China
2022.06.16 10:40 GMT+8

China's supercomputer can use AI to quicken drug discovery

Updated 2022.06.16 10:40 GMT+8
CGTN

The Tianhe-2 supercomputer in south China's Guangdong Province. /CFP

Using artificial intelligence (AI) and one of the world's fastest supercomputers, Chinese scientists are engineering otherwise unknown chemicals that can be clinically used in the future. 

The Tianhe-2 supercomputer in south China's Guangdong Province, ranking among the global top 10 fastest computers in the TOP 500 listing published this month, has been used as a platform for drug discovery. Now, AI-based algorithms make the machine even smarter. 

Scientists from Sun Yat-sen University and Beijing-based AI startup Galixir, along with those from the Georgia Institute of Technology and the Massachusetts Institute of Technology, reported a practical deep-learning toolkit to predict the biosynthetic pathways for natural products (NPs) or NP-like compounds in Tianhe-2. 

Natural products are the primary source of clinical drug discovery.
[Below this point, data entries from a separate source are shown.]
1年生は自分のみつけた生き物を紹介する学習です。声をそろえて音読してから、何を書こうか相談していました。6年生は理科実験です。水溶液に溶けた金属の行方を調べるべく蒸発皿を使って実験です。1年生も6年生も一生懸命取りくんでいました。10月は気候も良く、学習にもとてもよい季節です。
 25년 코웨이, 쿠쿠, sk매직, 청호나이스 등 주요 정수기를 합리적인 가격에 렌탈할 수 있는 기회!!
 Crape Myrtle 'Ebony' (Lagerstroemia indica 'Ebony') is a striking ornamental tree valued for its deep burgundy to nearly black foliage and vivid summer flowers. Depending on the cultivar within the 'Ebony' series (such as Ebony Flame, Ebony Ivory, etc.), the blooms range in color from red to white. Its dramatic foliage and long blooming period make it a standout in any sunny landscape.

More than 60 percent of FDA-approved small molecule drugs in the United States are NPs or their derivatives. 

Over 300,000 NPs have been recorded to date, but owing to the complex production know-how, only one-tenth have been developed as a substrate or product, with the computer-aided screening urgently needed. 

In a recent study published in Nature Communications, the researchers presented a tool called BioNavi-NP to propose NP biosynthetic pathways from simple building blocks in an optimal fashion, which requires no already-known biochemical rules. 
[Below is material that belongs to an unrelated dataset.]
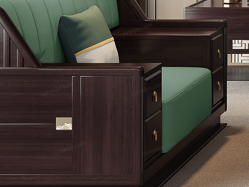 | 产品材质 : | 进口乌金木+仿真皮+高密度海绵+五金装饰+实木多层板 |
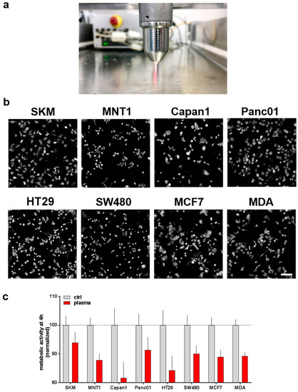 Exposure of initially-seeded 1 × 104 cells of eight human tumor cell lines to plasma-treated medium led to a reduction in metabolic activity. (a) Representative image of the atmospheric pressure argon plasma jet (kINPen) utilized; (b) representative images in digital phase contrast (DPC) mode showing cytosolic fraction of all cell types investigated; (c) metabolic activity (as measured using resazurin) 4 h following exposure to control or PTM, data are normalized to that of control medium. Data are from 8 independent experiments with four technical replicates each. Scale bar = 100 µm. Red bars = plasma-treated medium (PTM); grey bars = untreated medium (control).

Firstly, a single-step bio-retrosynthesis prediction model is trained to generate candidate precursors for a target NP. The full data-driven model achieves a prediction accuracy 1.7 times more precise than the previous rule-based model, according to the study. 

Then, an automatic retro-biosynthesis route planning system efficiently samples plausible biosynthetic pathways. 

The study reveals that the toolkit can successfully identify biosynthetic pathways for 90.2 percent of 368 test compounds. 

Also, the researchers combined an existing enzyme prediction tool to provide a user-friendly, open-to-public web server that can predict biosynthetic pathways. It can also score the biological feasibility of those pathways based on the estimated preference of species and enzymes. 

Inputting any relevant NP molecules into the online toolkit, one can obtain multiple predicted ways to synthesize them in a few minutes. 

The quick results are only made possible by Tianhe-2's strong parallel computing capability and its customized GPU resources, which help shorten the training and testing time from more than two weeks to one day. 

China's supercomputer Tianhe-2 has been widely used to promote research in health and medicine.